Working with Local Dataset#

In this tutorial, we will show how to use your own local dataset with the Dataset class. The Dataset class can help you to manage and process your eyetracking data.

Preparations#

We import pymovements as the alias pm for convenience.

[1]:
import pymovements as pm

For demonstration purposes, we will use the raw data provided by the Toy dataset, a sample dataset that comes with pymovements.

We will download the resources of this dataset the directory to simulate a local dataset for you. All downloaded archive files are automatically extracted and then removed. The directory of the dataset will be data/my_dataset.

After that we won’t use the python class anymore and delete the object (the files on your system will stay in place). Don’t worry if you’re confused about these lines as they are not relevant to your use case.

Just keep in mind that we now have some files with gaze data in the directory data/my_dataset.

[2]:
toy_dataset = pm.Dataset('ToyDataset', path='data/my_dataset')
toy_dataset.download(remove_finished=True)

del toy_dataset
INFO:pymovements.dataset.dataset:
        You are downloading the pymovements Toy Dataset. Please be aware that pymovements does not
        host or distribute any dataset resources and only provides a convenient interface to
        download the public dataset resources that were published by their respective authors.

        Please cite the referenced publication if you intend to use the dataset in your research.

Downloading http://github.com/aeye-lab/pymovements-toy-dataset/zipball/6cb5d663317bf418cec0c9abe1dde5085a8a8ebd/ to data/my_dataset/downloads/pymovements-toy-dataset.zip
Checking integrity of pymovements-toy-dataset.zip
Extracting pymovements-toy-dataset.zip to data/my_dataset/raw
100%|██████████| 23/23 [00:00<00:00, 345.74it/s]

Define your Experiment#

To use the Dataset class, we first need to create an Experiment instance. This class represents the properties of the experiment, such as the screen dimensions and sampling rate.

[3]:
experiment = pm.gaze.Experiment(
    screen_width_px=1280,
    screen_height_px=1024,
    screen_width_cm=38,
    screen_height_cm=30.2,
    distance_cm=68,
    origin='upper left',
    sampling_rate=1000,
)

Parameters for File Parsing#

We also define a filename_format which is a pattern expression used to match and extract values from filenames of data files in the dataset.

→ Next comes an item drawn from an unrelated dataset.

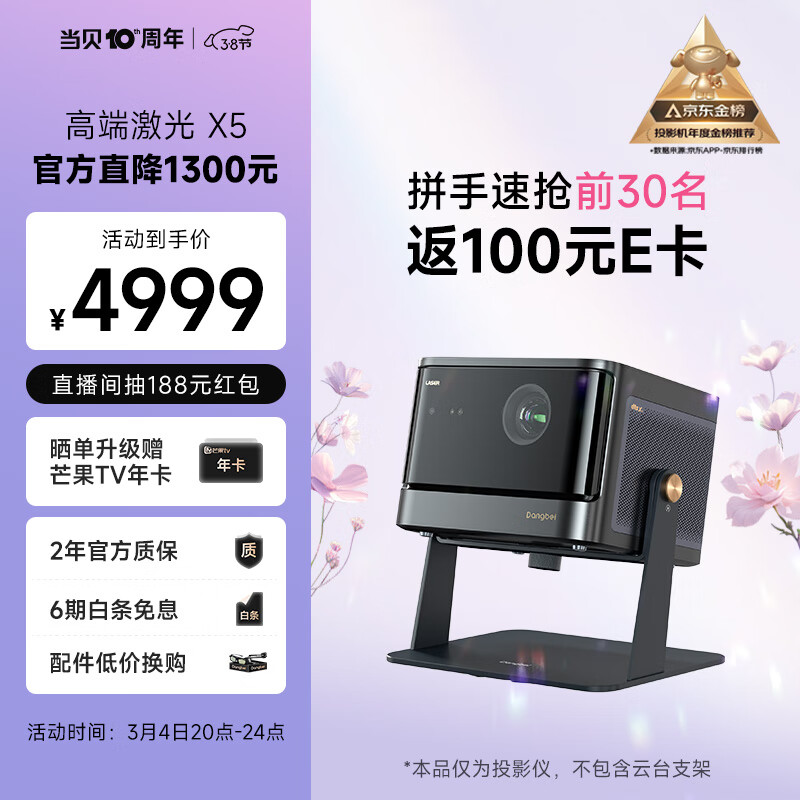 当贝 X5 激光投影仪家用 游戏投影机(ALPD影院激光无散斑 2450 CVIA流明 MT9679全新大师芯片4G+64G)价格:4999.00元!

For example, r'trial_{text_id:d}_{page_id:d}.csv' will match filenames that follow the pattern trial_{text_id}_{page_id}.csv and extract the values of text_id and page_id for each file.

[4]:
filename_format = {'gaze': r'trial_{text_id:d}_{page_id:d}.csv'}

Both values of text_id and page_id are numeric. We can use a map to define the casting of these values.

[5]:
filename_format_schema_overrides = {'gaze': {
    'text_id': int,
    'page_id': int,
},
}

We can also adjust how the CSV files are read. Here, we specify that the separator in the CSV files is a tab (‘:nbsphinx-math:`t’`).

[6]:
custom_read_kwargs = {
    'gaze': {'separator': '\t'},
}

Column Definitions#

The trial_columns argument can be used to specify which columns define a single trial.

This is important for correctly applying all preprocessing methods.

For this very small single user dataset a trial is just defined by text_id and page_id.

[7]:
trial_columns = ['text_id', 'page_id']

The time_column and pixel_columns arguments can be used to correctly map the columns in your dataframes. If the time unit differs from the default milliseconds ms one must also specify the time_unit for correct computations.

Depending on the content of your dataset, you can alternatively also provide position_columns, velocity_columns and acceleration_columns.

Specifying these columns is needed for correctly applying preprocessing methods. For example, if you want to apply the pix2deg method, you will need to specify pixel_columns accordingly.

If your dataset has gaze positions available only in degrees of visual angle, you have to specify the position_columns instead.

[8]:
time_column = 'timestamp'
time_unit = 'ms'
pixel_columns = ['x', 'y']

Define and load the Dataset#

Next we use all these definitions and create a DatasetDefinition by passing in the root directory, Experiment instance, and other optional parameters such as the filename regular expression and custom CSV reading parameters.

[9]:
dataset_definition = pm.DatasetDefinition(
    name='my_dataset',
    has_files={'gaze': True, 'precomputed_events': False, 'precomputed_reading_measures': False},
    experiment=experiment,
    filename_format=filename_format,
    filename_format_schema_overrides=filename_format_schema_overrides,
    custom_read_kwargs=custom_read_kwargs,
    time_column=time_column,
    time_unit=time_unit,
    pixel_columns=pixel_columns,
)

Finally we create a Dataset instance by using the DatasetDefinition and specifying the directory path.

[10]:
dataset = pm.Dataset(
    definition=dataset_definition,
    path='data/my_dataset/',
)

If we have a root data directory which holds all your local datasets we can further need to define the paths of the dataset.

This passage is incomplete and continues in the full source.